• **Task input**:
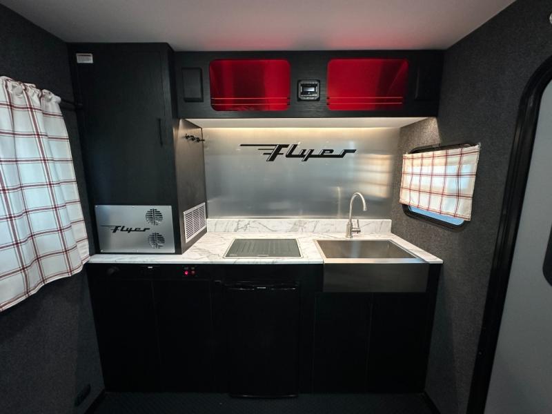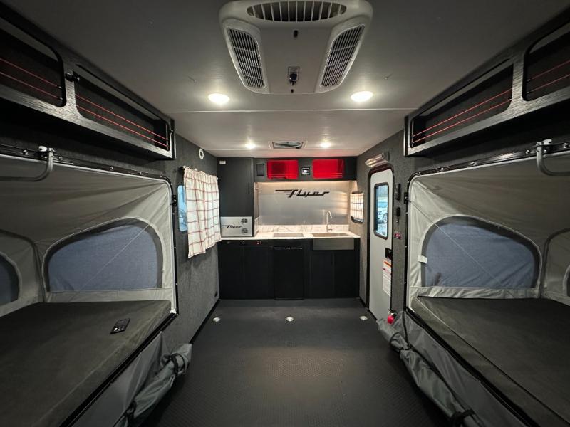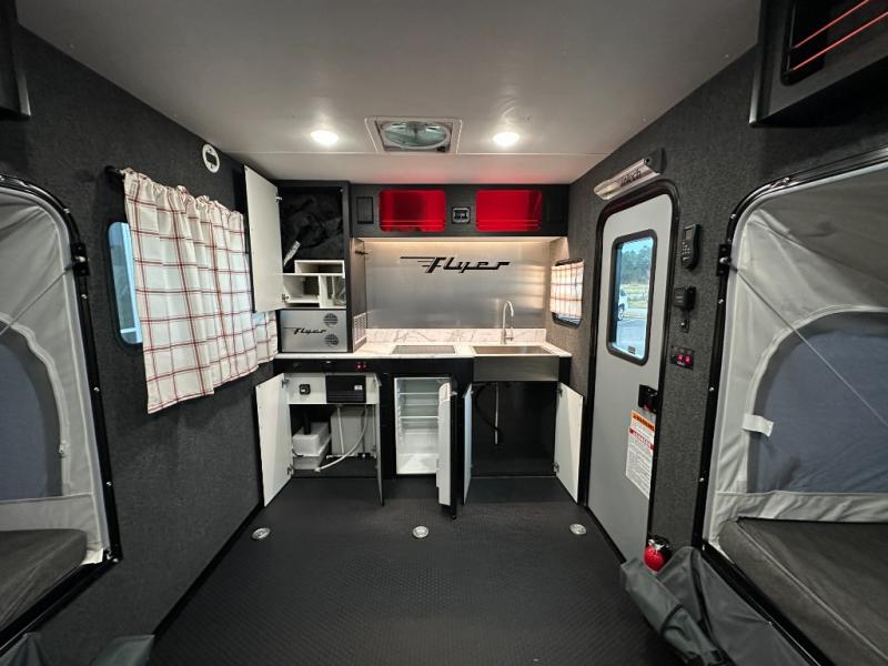 This Flyer expandable toy hauler is perfect for all your outdoor adventure! Not only does this toy hauler provide you with a spacious and versatile interior, but it also gives you a desirable cargo space so that you can bring along some toys for the adventure. This expandable comes standard with one tip-out bed, but you can easily add on the second optional tip-out bed which will add lots of extra room for sleeping and relaxing. The other feature found on this Flyer that is going to make your trips truly effortless is the front kitchen that comes with a two-burner stainless steel cooktop, a 3.1-cubic foot refrigerator, a large farmhouse sink, and an 8.5-gallon fresh water tank. This expandable toy hauler has a dry weight and net carrying capacity that ranges from 2,440-2,760 LBS.
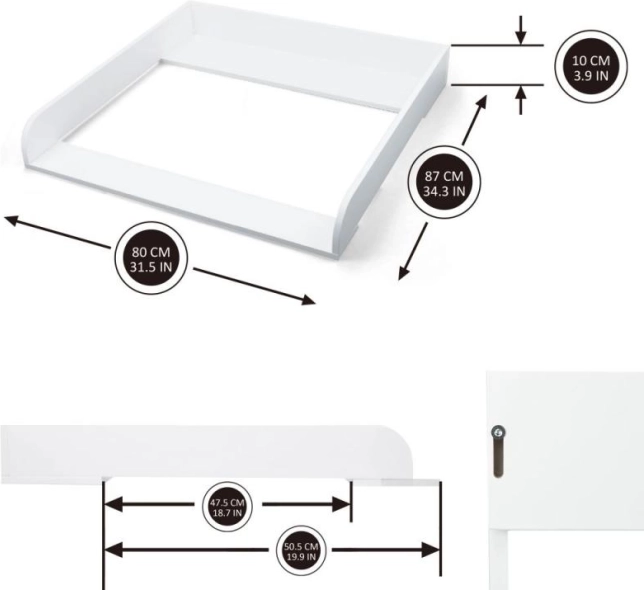 Ovaj stolić za presvlačenje, izrađen od visokokvalitetnog drva, pruža sigurno i stabilno mjesto za presvlačenje vašeg djeteta. Lako se sastavlja, što omogućuje brzo i jednostavno korištenje. Zahvaljujući mogućnosti produljenja prednje ploče, nudi dodatni prostor kada je potrebno.
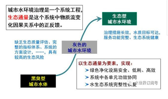 現今的水環境治理基本是灰色水系統,而我們希望的是生態水環境,為此城市水務系統一定是一個復雜的系統工程,要以生態通量為基本要素,實現安全、低耗、高效的單位功能協同。
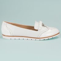 Poszukujesz butów, które będą jednocześnie wygodne, stylowe i nonszalanckie? Dobrą propozycją dla Ciebie mogą być białe mokasyny marki Super Me. To buty wykonane z wysokiej jakości skóry ekologicznej, które doskonale sprawdzą się zarówno do spodni, jak i sukienek. Kolor biały jest bardzo uniwersalny, a subtelne zdobienia dodają butom uroku.
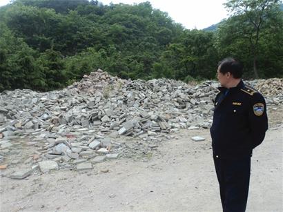 建筑垃圾怎能如此倾倒?记者随后将问题反映给了市浮山管理处,保卫科工作人员吴先生和两名市城管执法局的城管队员立刻赶到现场。 “这些都是山东头村拉过来堆放在这里的,这片山坡是村里的土地。”管理处工作人员经过调查后认为,即使这片土地属于山东头村,也不能随便将建筑垃圾倾倒在此。村里向工作人员解释,这些废砖烂瓦并不是要丢弃在这里,他们有时还会派卡车来运走一部分继续使用。
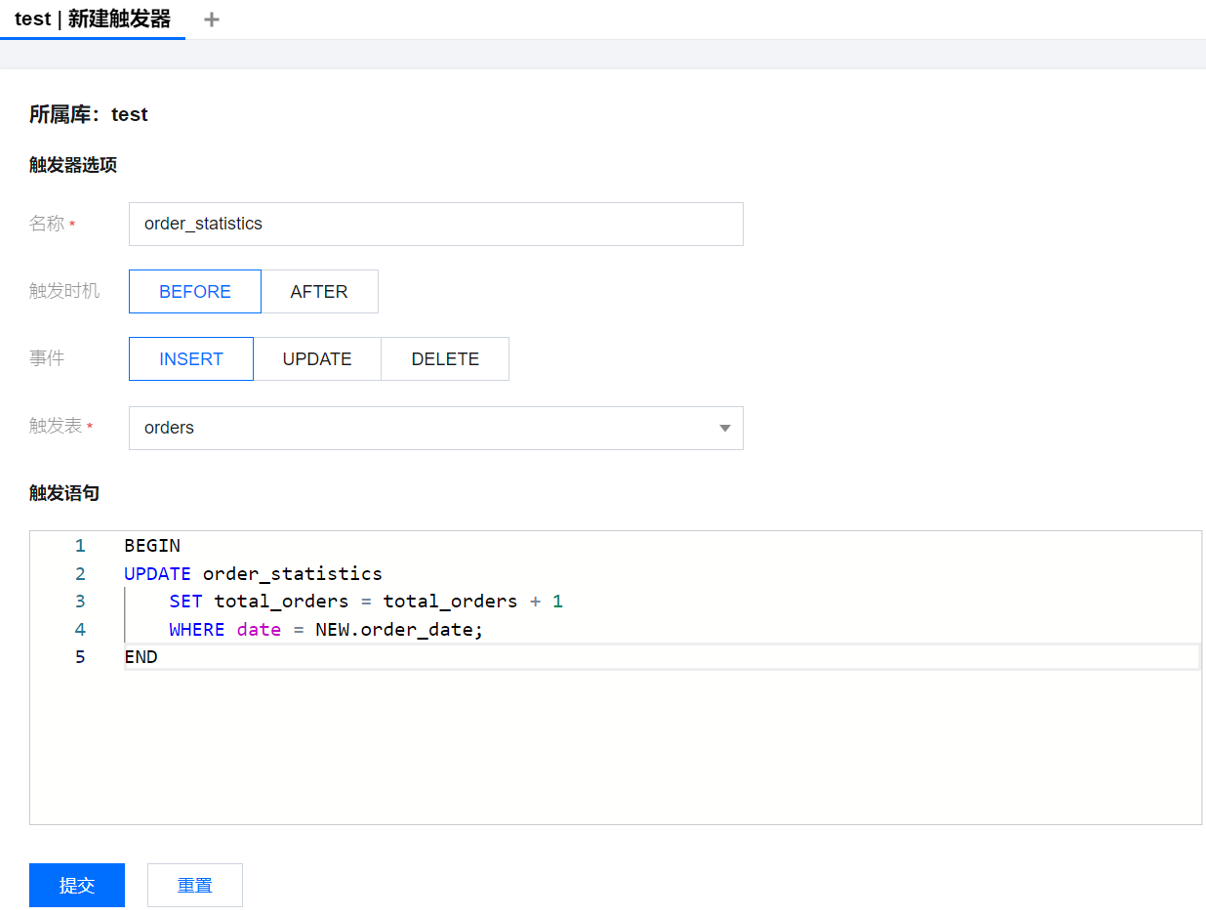 2. 在右侧新建触发器页面,输入触发器名称,选择触发时机、事件、触发表,输入触发语句,单击提交。
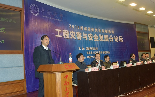 2015年11月14日,由湖南省教育厅、湖南省人民政府学位委员会主办,bv伟德国际1946研究生院、bv伟德国际1946共同承办的2015湖南省研究生创新论坛工程灾害与安全发展分论坛,在公司科教大楼国际报告厅举行了隆重的开幕式暨学术报告大会。
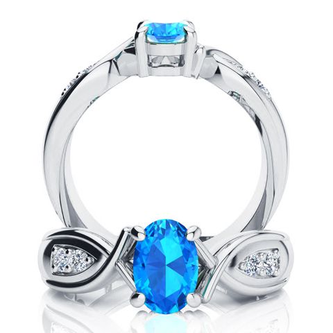 1 Carat Oval Shape Blue Topaz and Four Diamond Ring In 10 Karat White Gold
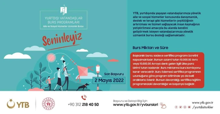 YTB tarafından hem yurt dışında yaşayan vatandaşlara yönelik aile ve sosyal hizmetler konusunda; danışmanlık, destek ve terapi gibi hizmetlerin artması hem de hizmet sağlayacak insan kaynağının yetiştirilmesi için hayata geçirilen “YTB Aile ve Sosyal Hizmetler Alanlarında Uzmanlık Bursu” programının başvuruları devam ediyor. Programa yurt dışında ikamet eden ve bu ülkelerde bulunan aile ve sosyal hizmetlere uygun bölümlerde (pedagoji, sosyal pedagoji, pedagojik psikoloji, psikoloji, klinik psikoloji, tıp vb.) üniversite eğitimi almış kişiler başvurabilecek. Programla birlikte terapi ya da danışmanlık gibi özel alanlarda adayların uzmanlaşmalarını sağlayacak mesleki sertifika programlarının desteklenmesi amaçlanıyor. Hizmet yeri ve süresi bursiyer ile YTB tarafından planlanacak
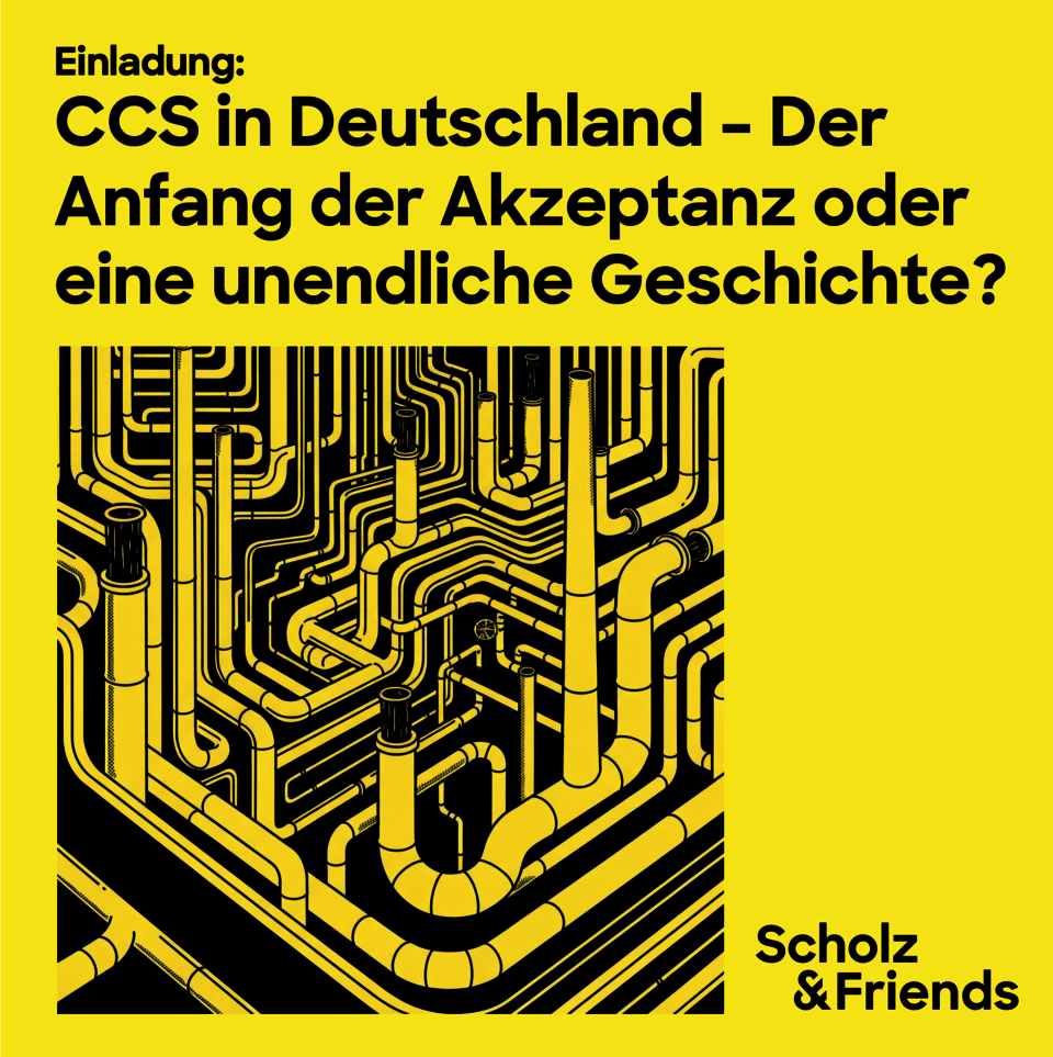 Am 26. November 2025 lädt Scholz & Friends zu einem Round Table zum Thema CCS-Kommunikation ein. Im Mittelpunkt steht die Frage: „CCS-Kommunikation: Der Anfang der Akzeptanz oder eine unendliche Geschichte?“ – wie kann Kommunikation rund um CO₂-Abscheidung und -Speicherung (CCS) gestaltet werden, um gesellschaftliche Akzeptanz zu fördern?
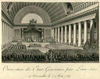 View Original: | Moreau le Jeune, Ouverture des états généraux par Louis XVI à Versailles le 5 mai 1789.png (1190x934) | |||
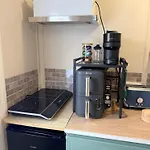 Gasten kunnen hun eigen maaltijden bereiden in een complete keuken van het vakantiehuis.

• **Assignment**: Transcribe only the lines above that start at the line containing "Ovaj stolić za" and end at the line containing "YTB tarafından hem". Omit pictures.

• **Task solution**:
 Ovaj stolić za presvlačenje, izrađen od visokokvalitetnog drva, pruža sigurno i stabilno mjesto za presvlačenje vašeg djeteta. Lako se sastavlja, što omogućuje brzo i jednostavno korištenje. Zahvaljujući mogućnosti produljenja prednje ploče, nudi dodatni prostor kada je potrebno.
 現今的水環境治理基本是灰色水系統,而我們希望的是生態水環境,為此城市水務系統一定是一個復雜的系統工程,要以生態通量為基本要素,實現安全、低耗、高效的單位功能協同。
 Poszukujesz butów, które będą jednocześnie wygodne, stylowe i nonszalanckie? Dobrą propozycją dla Ciebie mogą być białe mokasyny marki Super Me. To buty wykonane z wysokiej jakości skóry ekologicznej, które doskonale sprawdzą się zarówno do spodni, jak i sukienek. Kolor biały jest bardzo uniwersalny, a subtelne zdobienia dodają butom uroku.
 建筑垃圾怎能如此倾倒?记者随后将问题反映给了市浮山管理处,保卫科工作人员吴先生和两名市城管执法局的城管队员立刻赶到现场。 “这些都是山东头村拉过来堆放在这里的,这片山坡是村里的土地。”管理处工作人员经过调查后认为,即使这片土地属于山东头村,也不能随便将建筑垃圾倾倒在此。村里向工作人员解释,这些废砖烂瓦并不是要丢弃在这里,他们有时还会派卡车来运走一部分继续使用。
 2. 在右侧新建触发器页面,输入触发器名称,选择触发时机、事件、触发表,输入触发语句,单击提交。
 2015年11月14日,由湖南省教育厅、湖南省人民政府学位委员会主办,bv伟德国际1946研究生院、bv伟德国际1946共同承办的2015湖南省研究生创新论坛工程灾害与安全发展分论坛,在公司科教大楼国际报告厅举行了隆重的开幕式暨学术报告大会。
 1 Carat Oval Shape Blue Topaz and Four Diamond Ring In 10 Karat White Gold
 YTB tarafından hem yurt dışında yaşayan vatandaşlara yönelik aile ve sosyal hizmetler konusunda; danışmanlık, destek ve terapi gibi hizmetlerin artması hem de hizmet sağlayacak insan kaynağının yetiştirilmesi için hayata geçirilen “YTB Aile ve Sosyal Hizmetler Alanlarında Uzmanlık Bursu” programının başvuruları devam ediyor. Programa yurt dışında ikamet eden ve bu ülkelerde bulunan aile ve sosyal hizmetlere uygun bölümlerde (pedagoji, sosyal pedagoji, pedagojik psikoloji, psikoloji, klinik psikoloji, tıp vb.) üniversite eğitimi almış kişiler başvurabilecek. Programla birlikte terapi ya da danışmanlık gibi özel alanlarda adayların uzmanlaşmalarını sağlayacak mesleki sertifika programlarının desteklenmesi amaçlanıyor. Hizmet yeri ve süresi bursiyer ile YTB tarafından planlanacak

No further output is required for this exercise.